1. E, no entanto, a vida é agradável, amena. Terça-feira vem depois de segunda. A seguir é quarta-feira. O nosso espírito desenvolve-se por anéis, a identidade fortalece-se e a própria dor é absorvida nesta sensação de contínuo crescimento. As válvulas de segurança do espírito abrem-se e fecham-se com intensidade crescente; a pressa e as febris sensações de juventude encontram a sua aplicação e tudo parece funcionar com a perfeição de um mecanismo de relógio. Com que rapidez a corrente da vida nos transporta das coisas, que se tornaram tão familiares que já nos não apercebemos da sua sombra. Flutuamos. Flutuamos, na superfície da corrente.
É um monólogo de Bernard (páginas 206 e 207 d’ “As Ondas”, edição da Relógio d’Água). Mais um, perfeito para mostrar como a Virginia Woolf escreve sobre o tempo e o transforma numa belíssima imagem de movimento, de corrente.
Para além dos acontecimentos, das personagens e das suas emoções está sempre perfeitamente visível o fluxo do tempo que neste livro é também o fluxo da água.
Flutuar na superfície da corrente, é assim que Bernard define a vida. (e é assim que Virginia constrói a sua morte, numa corrente descontínua, cheia de perigos e abalos?)

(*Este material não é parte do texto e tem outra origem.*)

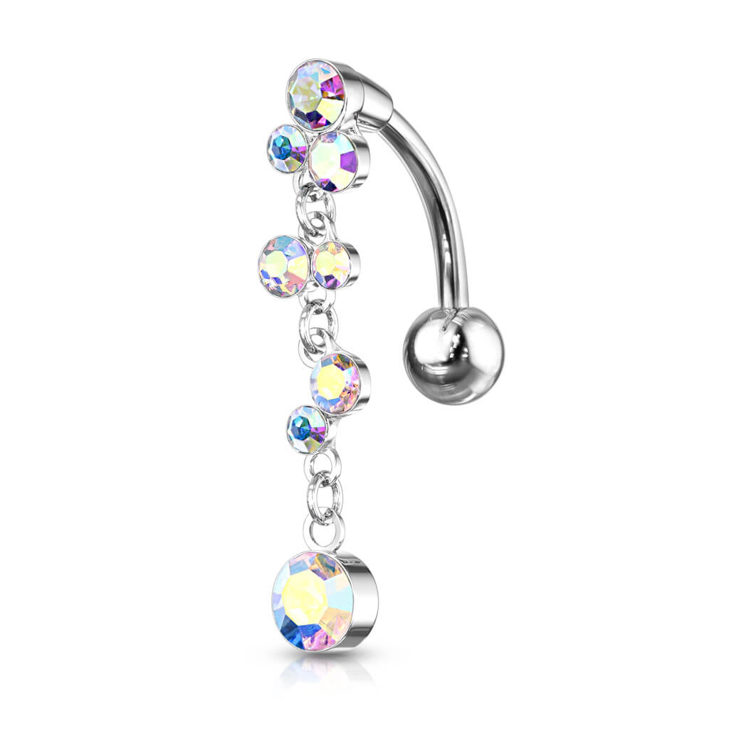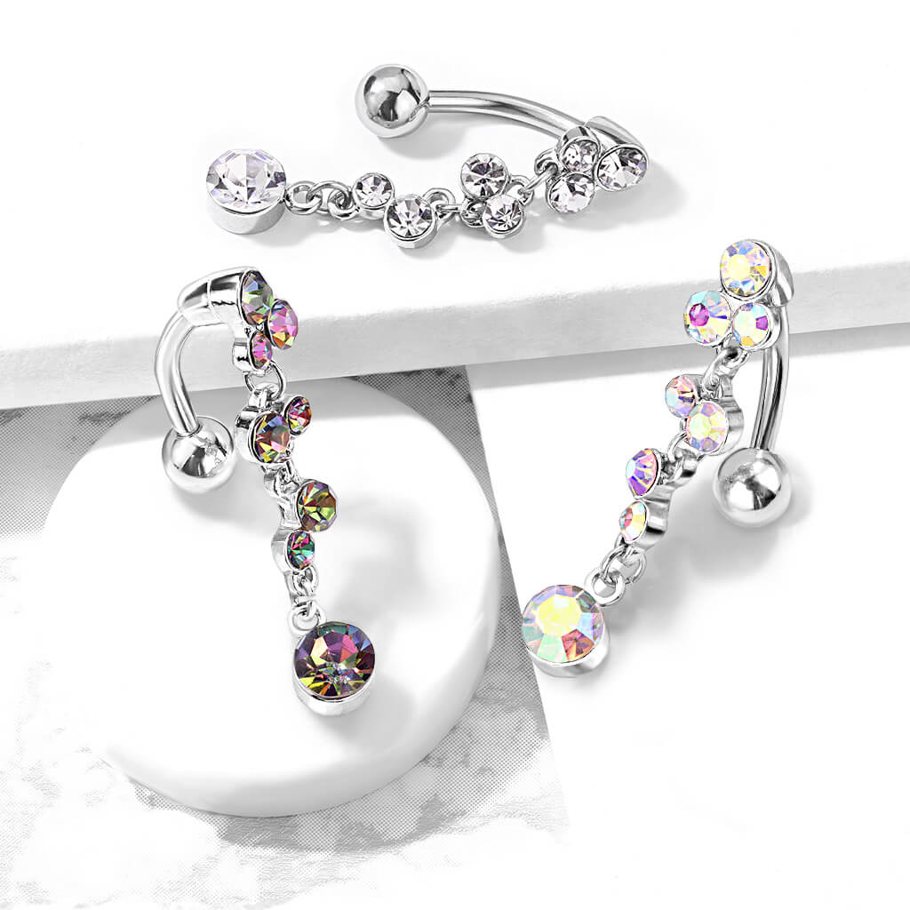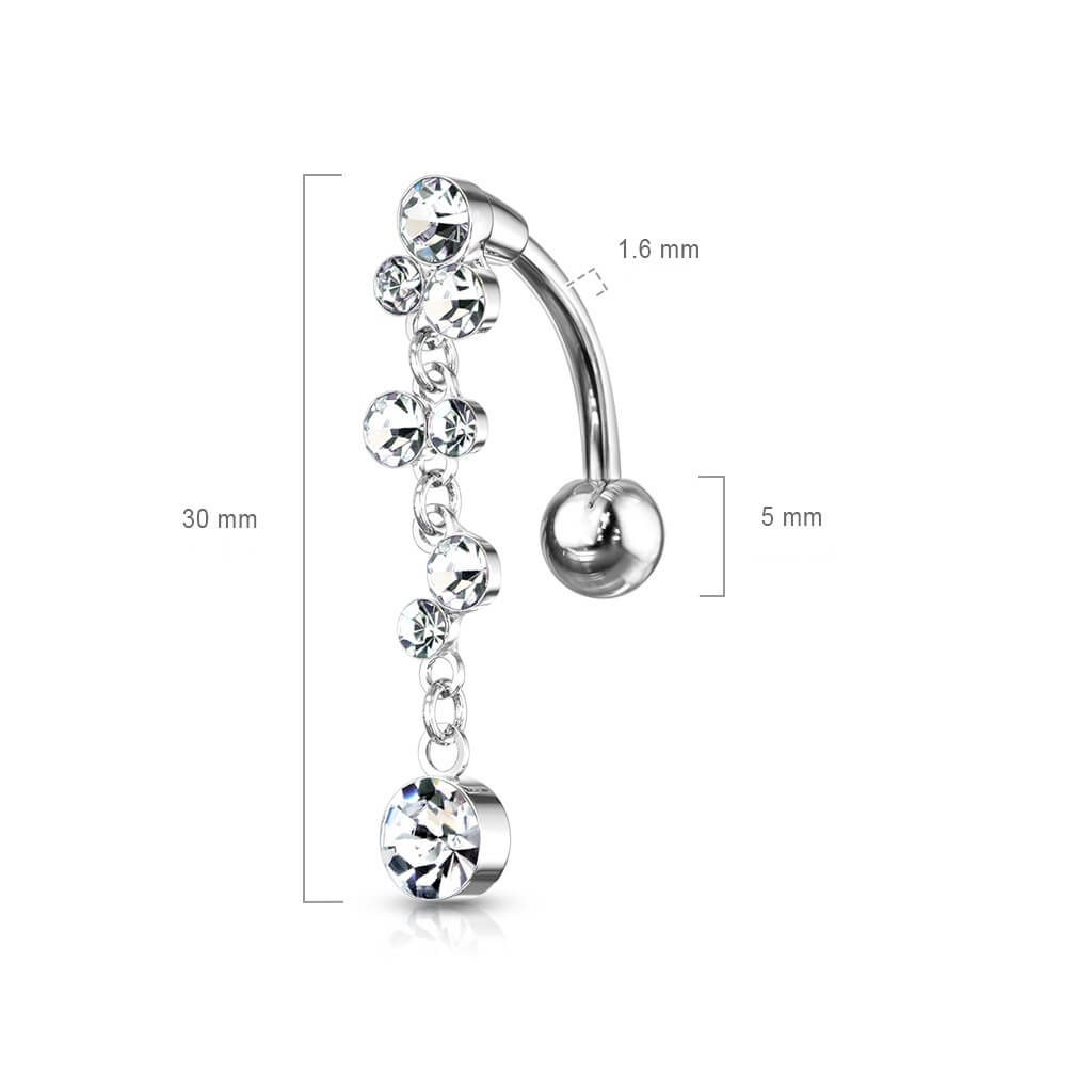 Piercing Ombelico Sfere Top Down pendenti zirconi e argento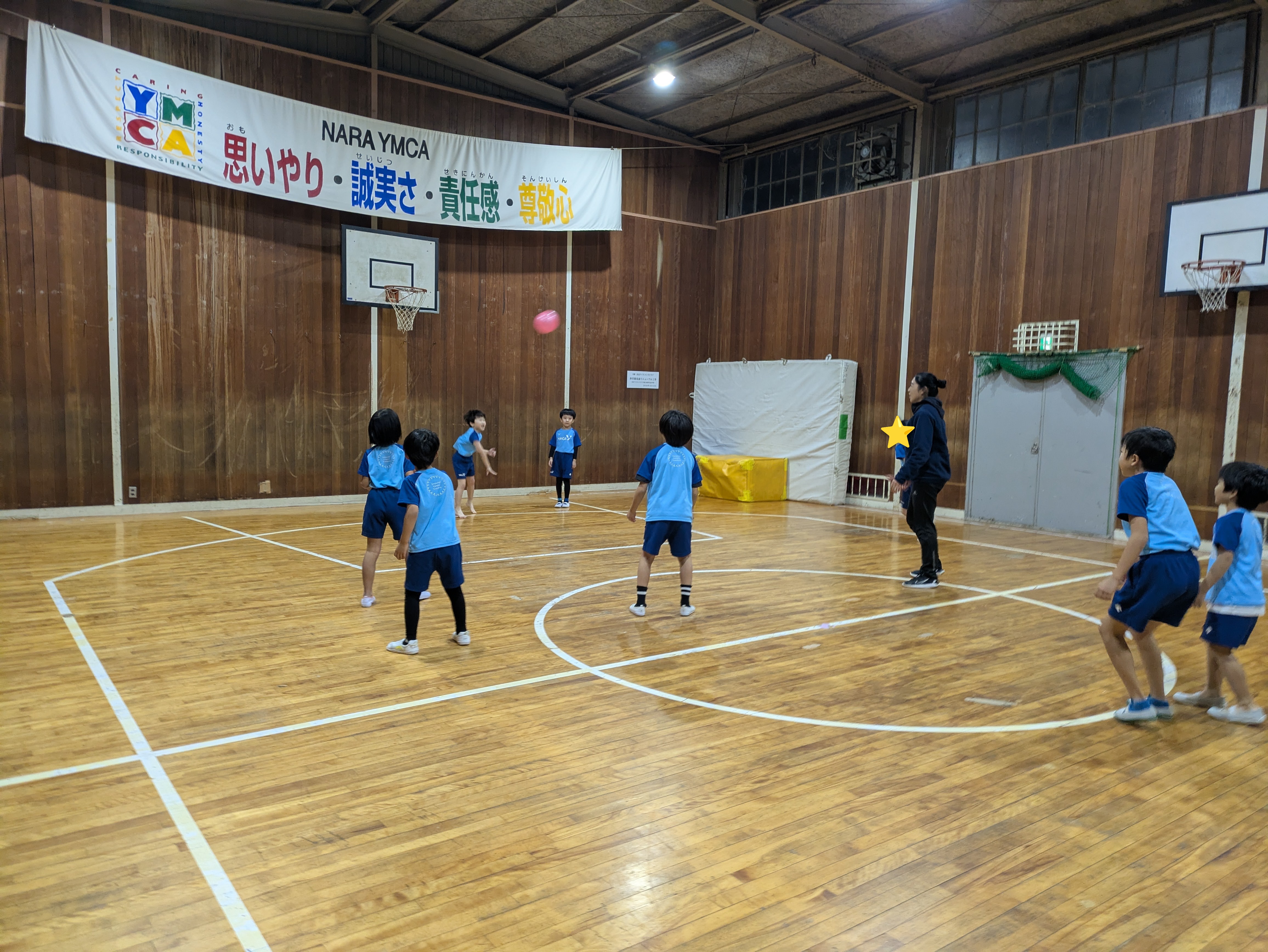 最後にドッヂボールをしました。ボールをよく見て逃げたり、投げる力も強くなっていてとても白熱していました!

2. – E o tempo, disse Bernard, esgota-se. A gota transforma-se no telhado da nossa casa e depois cai. É o tempo que a faz cair.
…
Esta gota que está a cair nada tem a ver com a minha juventude perdida. A queda desta gota é o tempo adelgaçando-se até formar um ponto. O tempo, esse prado ensolarado em que dança uma luz, o tempo, essa extensão plana como um campo ao meio-dia, começa a inclinar-se. Adelgaça-se até formar um único ponto. O tempo escoa-se, como se escoa o líquido para fora do vaso deixando ficar um depósito. Estes são os verdadeiros ciclos, os verdadeiros acontecimentos da minha vida. Pois, como se toda a luminosidade da atmosfera refluisse subitamente como uma vaga, vejo o fundo das coisas tal como ele é. (página 148)
3. Há ainda um monólogo de Rhoda (páginas 104 e 105) que merece ser citado porque Rhoda é a que não encaixa no seu corpo, é a que tem dificuldade em flutuar, é a que tem medo. (é um contraponto de Bernard?)
A porta abre-se e o tigre salta (um aparte – esta imagem do tigre lembra outra de Eliot: “O tigre salta no ano novo. E nos devora” ) Não me viram entrar. Fiz mil desvios entre as cadeiras para evitar o horror dum encontro brusco. Tenho medo de vocês. Tenho medo do choque das sensações pois não posso acolhê-las como vocês fazem, não sou capaz de fundir o momento presente com o que vem a seguir. Para mim todos os momentos são violentos e isolados. E se sucumbisse ao choque do instante, lançar-se-iam sobre mim para me despedaçar. Não tenho nenhum objectivo. Não consigo enfiar uns nos outros os minutos e as horas, dissolvendo-os por um processo simples, de modo a que formem essa massa indivisível a que vocês chamam vida .
4. Descobri também um texto muito bom da Marguerite Yourcenar. Trata-se de um pequeno ensaio que faz parte do livro “Peregrino e Estrangeiro” (edição Livros do Brasil). Prometo digitalizá-lo e colocá-lo on-line na próxima semana.